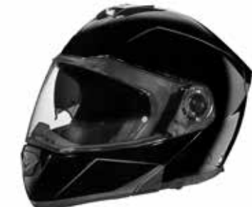
Hi-Gloss Black MG1-A-(Size)
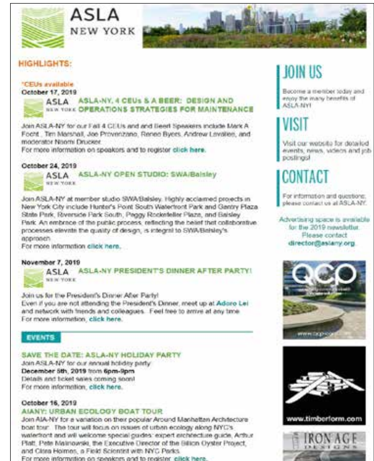
ASLA-NY E|News Newsletter
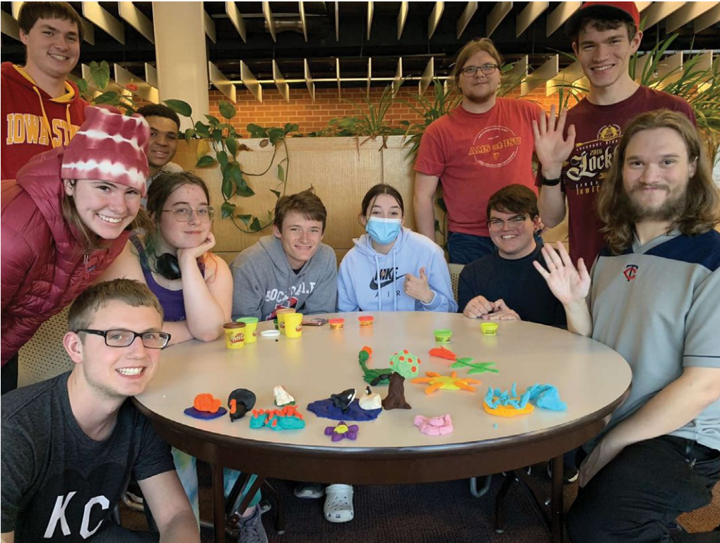
Iowa State University chapter members demonstrated their creative abilities during a Play-Doh crafting contest, with categories including nature and weather as well as other nonmeteorological challenges.
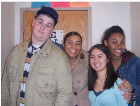
Members of Berkeley High School Health Center’s Youth Advisory Board

now gearing up for their second year on the board, and are preparing to welcome five new members, who will represent various universities and different regions of California.
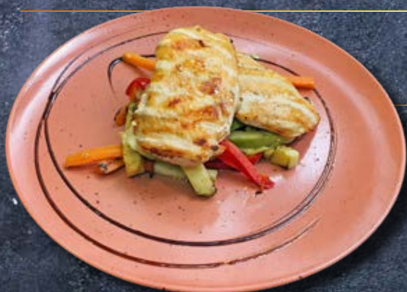
AROMATIZED CHICKEN NEW chicken in pumpkin sauce with potatoes
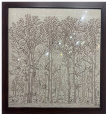
Title: “Resilient Roots” Medium: Embroidery Size: 20 x 20 inches

“Resilient Roots” explores the enduring connection between humanity and nature, emphasizing sustainability and the power of regeneration. The trees depicted represent not only the natural world’s beauty but also its capacity to withstand the pressures of modern life. By presenting a raw, unembellished portrayal, the work invites viewers to reflect on our role in nurturing the environment and the delicate balance required to sustain it. This piece urges an appreciation of nature in its purest form, even in its moments of vulnerability, reminding us that sustainability begins with understanding and preserving what we might overlook.
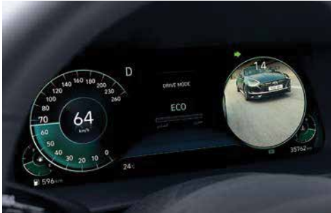
Blind spot view monitor
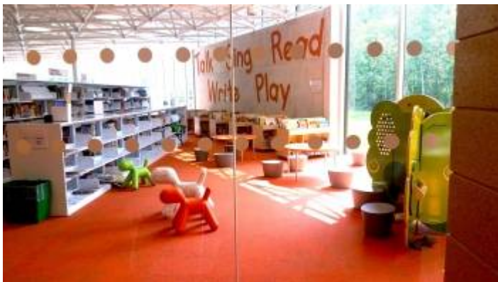
15.6 Winnipeg Public Library, Windsor Park Branch. Children's area looking into...
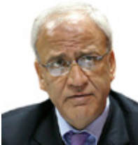
Dr. Saeb Erekat , PLO Secretary General

________________________________________

Task | Output every entry above exactly as written, but omit the pictures.

Task answer |
Hi-Gloss Black MG1-A-(Size)
ASLA-NY E|News Newsletter
Iowa State University chapter members demonstrated their creative abilities during a Play-Doh crafting contest, with categories including nature and weather as well as other nonmeteorological challenges.
Members of Berkeley High School Health Center’s Youth Advisory Board

now gearing up for their second year on the board, and are preparing to welcome five new members, who will represent various universities and different regions of California.
AROMATIZED CHICKEN NEW chicken in pumpkin sauce with potatoes
Title: “Resilient Roots” Medium: Embroidery Size: 20 x 20 inches

“Resilient Roots” explores the enduring connection between humanity and nature, emphasizing sustainability and the power of regeneration. The trees depicted represent not only the natural world’s beauty but also its capacity to withstand the pressures of modern life. By presenting a raw, unembellished portrayal, the work invites viewers to reflect on our role in nurturing the environment and the delicate balance required to sustain it. This piece urges an appreciation of nature in its purest form, even in its moments of vulnerability, reminding us that sustainability begins with understanding and preserving what we might overlook.
Blind spot view monitor
15.6 Winnipeg Public Library, Windsor Park Branch. Children's area looking into...
Dr. Saeb Erekat , PLO Secretary General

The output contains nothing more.